Bones reveal malaria trail

January 26, 2001

Scientists have extracted malarial DNA from the ancient skeleton of a Roman child. The discovery is by far the oldest direct evidence of the killer disease and will help scientists trace the spread of mosquito-borne malaria across Europe. It also demonstrates the power of new genetic analysis techniques in studying ancient diseases.

Robert Sallares, who worked on the bones with Susan Gomzi at the University of Manchester Institute of Science and Technology, said: "This is the oldest hard evidence for malaria found so far. There are a lot of questions in medical history that could be answered from such ancient DNA."

The sample came from the recently excavated bones of a child who had been buried in the largest known infant cemetery in Roman Italy.

Malaria leaves no visible marks on the remains of its victims, but there were a number of clues that the toddler may have succumbed to its ravages.

Throughout the cemetery, archaeologists recovered the remains of decapitated puppies and a toad, supposedly relics of a magic ritual performed to ward off the disease.

Furthermore, all of the children in the cemetery appear to have been buried in just a few summer weeks in one year of the 5th century AD, possibly indicating a malaria epidemic in the Umbria region of central Italy.

As it is known that the malarial parasite gets into bone marrow during an infection, Sallares and Gomzi had to look inside the remains for telltale traces.

In research to be published in the journal Ancient Biomolecules , Sallares and Gomzi report that they were able to amplify fragments of ancient DNA by using a process called polymerase chain reaction.
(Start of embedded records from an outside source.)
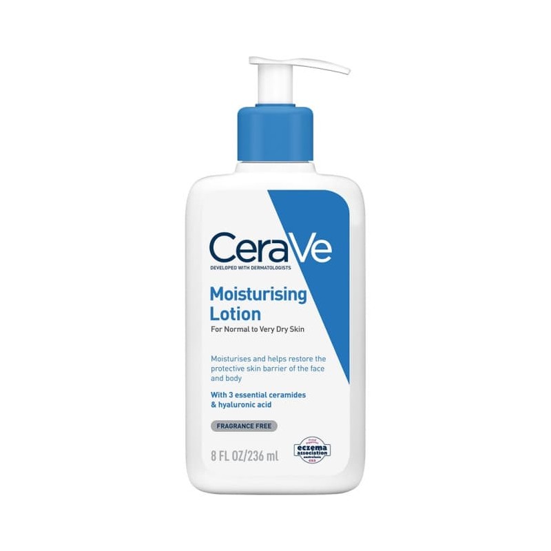 A lightweight moisturising lotion for normal to dry skin enriched with 3 essential ceramides to help strengthen the skin’s protective barrier. CeraVe Moisturising Lotion is a lightweight, oil-free moisturiser that hydrates the skin and helps strengthen the skin's protective barrier. Formulated with three essential ceramides and hyaluronic acid, this moisturising lotion features patented MVE Technology for 24 hour hydration and a lightweight, non-comedogenic formula that won’t clog pores. Hypoallergenic and non-irritating, this daily moisturiser is gentle on the skin as it provides lasting hydration. Moisturises and helps strengthen the skin’s protective barrier Lightweight and non-greasy MVE Technology: the Cerave range is designed with moisturising MultiVesicular Technology [MVE] to maintain hydration levels in the skin for 24 hours Ceramides: to maintain hydration and help strengthen the skin’s protective barrier Hyaluronic acid: This ingredient attracts hydration to the skin’s surface and helps the skin retain moisture Non-comedogenic, hypoallergenic, oil-free and fragrance-free Developed with dermatologists Eczema Association Australia™ endorsed. The EAA stamp identifies products that are suitable for eczema prone skin.
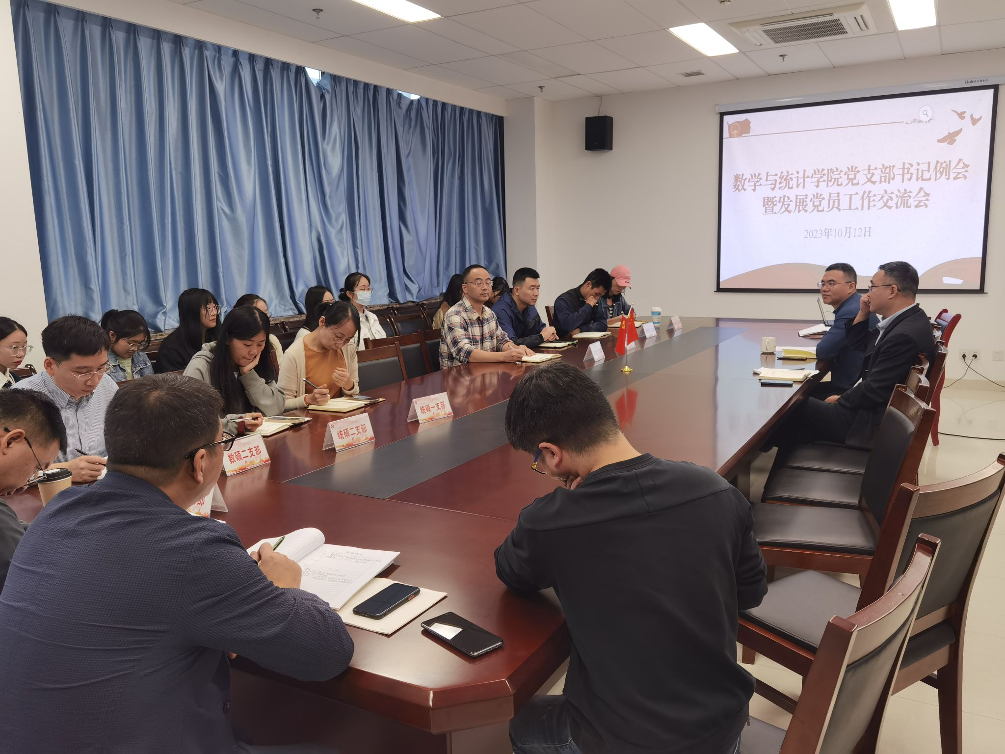 会议重点围绕发展党员工作开展讨论,各支部再次学习发展党员工作流程,就入党积极分子确定与培养、发展对象的确定与考察、预备党员的接收等细节深入探讨。
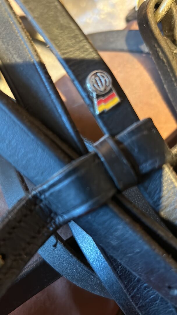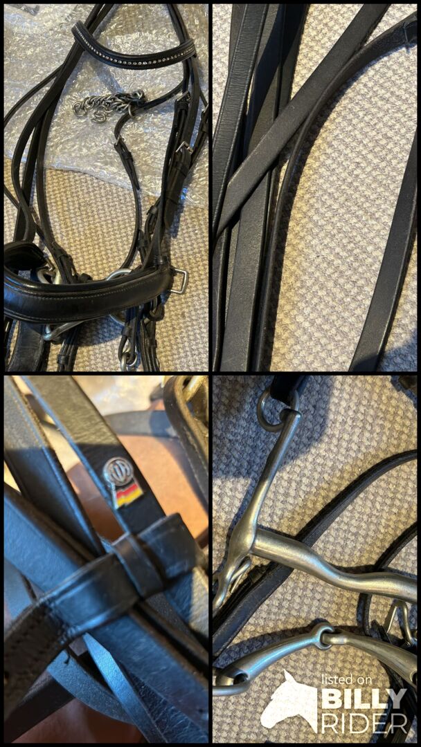 Die Kürbisse haben eine Weite von 13,5 cm. Angeboten wird komplett: Zaum, Gebisse, Kinnkette, drei Paar Zügel
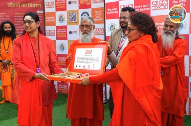 महाकुम्भ नगर। प्रयागराज महाकुम्भ मेला में दिव्य ज्योति जाग्रति संस्थान शिविर में 504 ब्रह्मज्ञानी विद्वानों ने लगातार वैदिक मंत्रों का जाप कर रविवार को विश्व रिकॉर्ड बनाया। एशिया बुक ऑफ रिकॉर्ड्स और इंडिया बुक ऑफ रिकॉर्ड्स टीम के अधिकारियों ने जाग्रति संस्थान को इसका प्रमाण पत्र दिया।
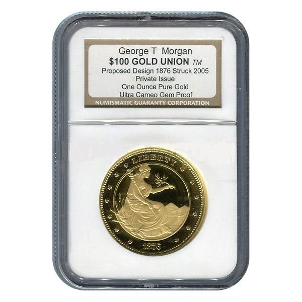 Certified $100 Gold Union One Ounce Proposed 1876 Desig **|**|** Certified $100 Gold Union One Ounce Proposed 1876 Design Pure Gold NGC PROOF No Box ; MSRP: $6500
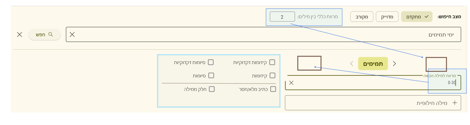 • הצעת ייעול | סידור מחדש לחלון 'חיפוש מתקדם'

Two independently recovered sequences were found to be almost identical to parts of the 18S rRNA gene of Plasmodium falciparum , the most deadly of the four parasites that cause malaria.

Scholars have long debated when this parasite first reached Europe. Drawing on Greek and Roman records, some have suggested that it may have reached the Mediterranean region just 2,000 years ago.

Sallares plans to repeat the work he did on the Roman child using human remains dating back to Bronze Age and Neolithic times.